Связь между криминальной хроникой и придуманным По детективным жанром была настолько тесной, что в «Тайнах Мари Роже» («The Mystery of Marie Rog?t», 1842) – рассказе-расследовании «убийства» Мэри Роджерс – он пространно цитирует аутентичные газетные вырезки; в ранее написанной новелле «Убийства на улице Морг» («The Murders in the Rue Morgue», 1841) – занимается стилизацией. Натуралистические, беспощадно перечисляемые детали в «Убийствах» (содранные со скальпа клочки мяса, перерезанное горло, глубокие следы ногтей) генетически восходят к газетным публикациям. Сцена убийства двух дам Л’Эспане – старухи и ее дочери – орангутангом описывается как откровенно вуайеристская: матрос, хозяин сбежавшей обезьяны, наблюдает за зверствами своего питомца, заглядывая в комнату из окна. Судя по тому, что По относился к вторжению газет в частную жизнь с долей брезгливости и презрения[160 - Исследователи часто приводят в пример нежелание героя По, Огюста Дюпена, рассказать о тайне Королевы, которую он узнал из письма. См. об этом: Hull R. The Purloined Letter: Poe’s Detective Story vs Panoptic Foucaldian Theory // Style 24 (Summer 1990): 201—214. Сребник также указывает на возможный намек По на Уильяма Эттри (William Attree), одного из репортеров «Нью-Йорк Херальд», сфабриковавшего «дело» Мэри Рождерс, в заключительной цитате «Похищенного письма»: «Un dessein si funeste, / S’il n’est digne d’Atrеe, est digne de Thyeste» (ср.: Attree / Atrеe). Srebnick A. Op. cit. P. 124.], он не только опосредовал, но и легитимировал откровенные описания, вводя настоящие или стилизованные газетные тексты в детективные рассказы.
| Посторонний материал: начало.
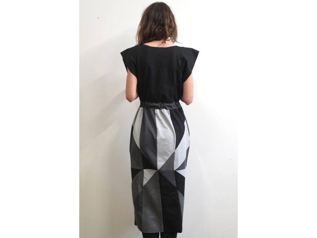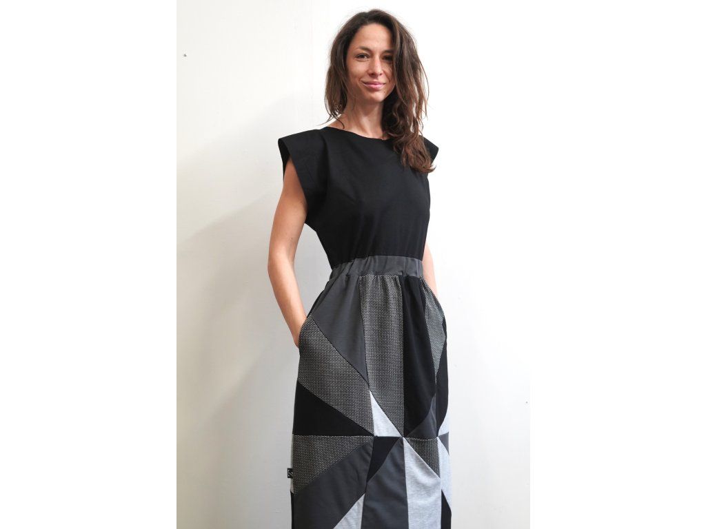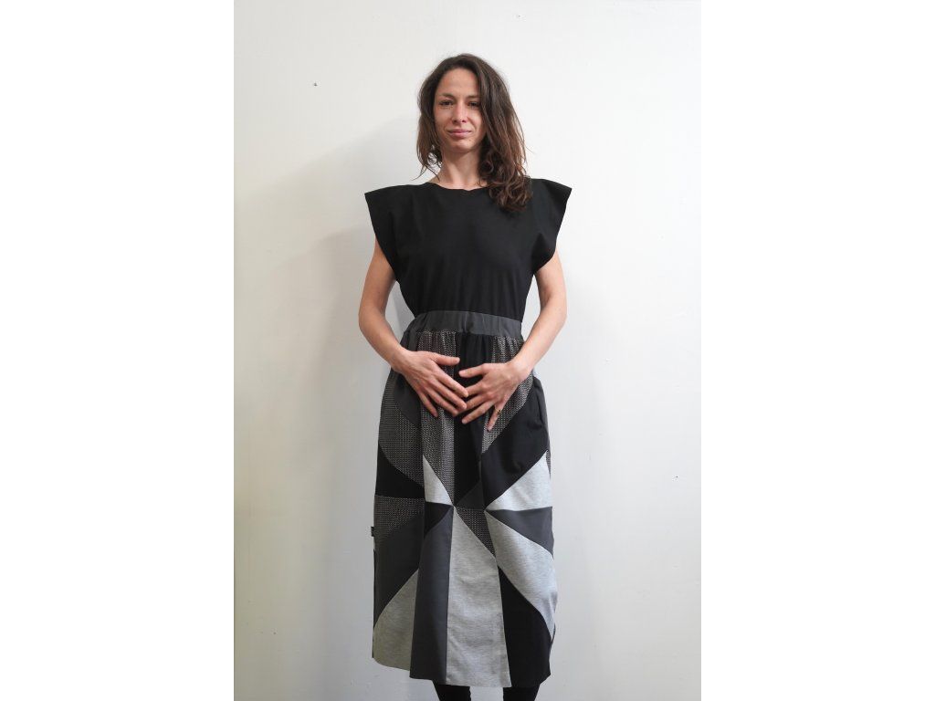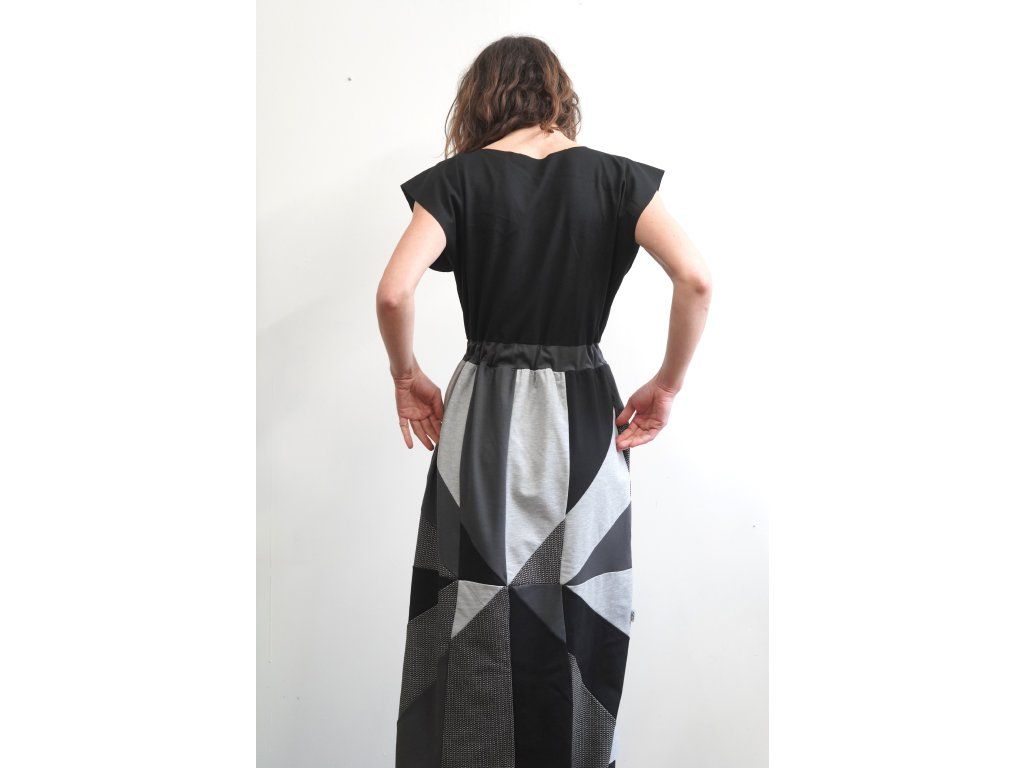 Horní díl šatů je z jednoho kusu látky, čímž vzniká minimalizace odpadu. V širším pásku je pevná guma, která se dá regulovat a přizpůsobovat obvodu pasu. Sukně šatů je objemná, ve švech jsou kapsy. Motiv vznikl pečlivým rýsováním, měřením, stříháním a sešíváním.
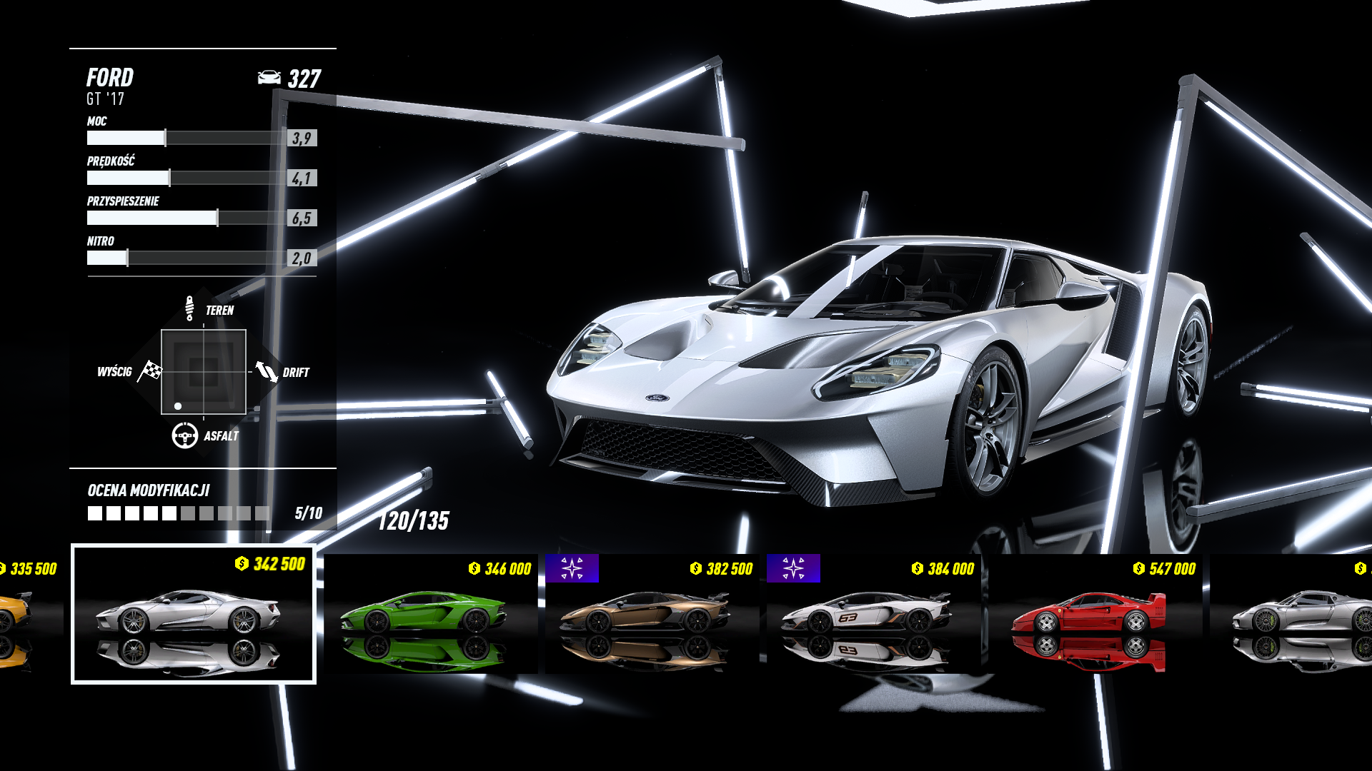 | Ford GT | 2017 | Supersamochód | 327 | 342,500 | 646 | 1169 | 5/10 | Osiągnij 36 poziom REP | Podstawowa wersja gry | |

Популярная беллетристика и газетная риторика любопытна тем, что в ней, как в увеличительном стекле отражаются вкусы времени. Безусловно, в высокой литературе европейского и американского романтизма, как и в благопристойных сентиментальных рассказах, публикуемых в американских литературных журналах 1830-40-ых гг., насилие не заявляло о себе столь бесцеремонно и вульгарно. В то же время уместно говорить о завуалированных художественных формах, которые принимал садизм, «общая черта эстетики XIX в.»[161 - Зенкин С. Н. Работы по французской литературе. C. 227.] – эпохи «красивых смертей»[162 - Выражение Филиппа Арьеса: Арьес Ф. Человек перед лицом смерти. М.: Прогресс, 1992. С. 341.] и «романтической агонии»[163 - Емкое определение, данное Марио Працем, которое стало известным благодаря английскому переводу его вышедшей в 1930 году книги La carne, la morte e il diavolo nella letteratura romantica в 1933 году под названием Romantic Agony. Мы используем более поздние издания обеих книг: Praz M. La carne, la morte e il diavolo nella letteratura romantica. Firenze: Sansoni, 1966; Praz M. The Romantic Agony. Trans. A. Davidson, N.Y.: Meridian Books, 1968.]. В рамках сентиментализма жестокость становится обратной стороной чувствительности: слезы, как правило, вызывает зрелище телесного страдания. Описание Беннеттом трупа Хелен Джуитт читается как пародия на эстетизацию мертвого тела романтиками, которые нередко прибегали к образам и риторике изящных искусств или превращали смерть в эротическое действо. Нездоровый интерес к «агонии» можно увидеть, вслед за Марио Працем, в отвращении к здоровым лицам, культе бледности, худобы, анемии, тревожной близости красоты и разложения; вслед за Сьюзен Зонтаг – в поэтизации первых симптомов туберкулеза[164 - Sontag S. Illness as a Metaphor // Sontag S. Illness as a Metaphor. AIDS and its Metaphors. P. 30.].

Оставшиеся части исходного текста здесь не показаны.